Me parece que el surgimiento de la superpotencia y la declinación del poder de los
estados europeos justifican prestar mayor atención a las vicisitudes de la política
estadunidense. Se proclama a los Estados Unidos no simplemente como “la mayor
potencia en la historia mundial”, sino, paradójicamente, como el mejor ejemplo de una
democracia exitosa. En consecuencia, he examinado de manera crítica el supuesto de que
la superpotencia y el imperio son sustancialmente compatibles con la democracia.
No he intentado hacer una descripción detallada de los nuevos modos de teorizar que
han proliferado en los últimos años. En cambio, los capítulos nuevos se concentran en el
poder como el hecho político definitorio de los últimos 150 años, y en las formas en que
algunos teóricos destacados respondieron a su discusión, contribuyeron a ella o la
eludieron.
Por consiguiente, los capítulos dedicados a Marx y Nietzsche abordan,
respectivamente, los poderes económicos y culturales.
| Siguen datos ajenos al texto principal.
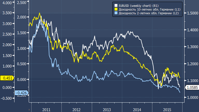 Ожидания дополнительных стимулирующих мер от ЕЦБ положительным образом сказались на рынке инструментов с фиксированной доходностью в еврозоне. Доходности по облигациям с коротким сроком до погашения находятся на рекордно-низких уровнях. Доходности по среднесрочным и долгосрочным облигациям, как видно, также ощущают воздействие и снижаются. Взаимосвязь между динамикой доходности 10-летних германских облигаций и курса евро/доллар остается очень высокой. Исходя из текущей динамики доходности цены в евро/долларе должны продолжать падение. Отчасти это должно отражать диверсификацию портфелей с целью уменьшить в них долю низкодоходных активов еврозоны.

He escogido a Marx para ilustrar
el compromiso teórico con “la economía” como un sistema totalizador, hipostasiado. Al
predecir la caída del capitalismo y el surgimiento del comunismo, Marx previó una forma
de capitalismo tan poderosa que, contrariamente a su expectativa, triunfó sobre el
comunismo. Sin embargo, Marx también debe ser recordado como el teórico moderno
que, al crear el concepto de proletariado, intentó revivir el ideal latente de un pueblo
políticamente activo. Nietzsche, de quien se puede decir que inventó la teoría de la
cultura como política, combinó vaticinios de dos polos opuestos: el totalitarismo y el
posmodernismo. El totalitarismo comunista, ya sea del tipo soviético o el chino,
originalmente siguió la interpretación moderna de revolución como un movimiento que se
identificaba con las clases débiles y explotadas contra las “clases gobernantes”
dominantes. El totalitarismo nazi representó una inversión exacta de la concepción
moderna de revolución. Como Nietzsche, se identificó con los fuertes y atacó a los
débiles: judíos, gitanos, eslavos, homosexuales, socialdemócratas, comunistas,
sindicalistas, enfermos, deformes y enfermos mentales.
Originalmente, la tarea histórica de combatir el totalitarismo correspondió al
liberalismo. Entre las décadas de 1930 y 1960, el liberalismo también sirvió como
conciencia política del capitalismo, esforzándose por controlar sus excesos y auxiliar a
sus víctimas. Durante la Guerra Fría y la cruzada contra el comunismo (1945-1988), el
impulso democrático social del liberalismo gradualmente decayó.4 El comienzo del siglo
XXI encontró a la política liberal a la deriva en un mar de centrismo; sus políticos se
declaran “fiscalmente conservadores, socialmente liberales”; sus teóricos hilan conceptos
cada vez más finos de los derechos y se explayan acerca de cómo “las deliberaciones
democráticas” podrían emular un seminario de filosofía para graduados. El estado actual
de la democracia ha sido preparado por una marcada declinación en la suerte política del
liberalismo y por la fragilidad de sus vínculos con los ideales democráticos.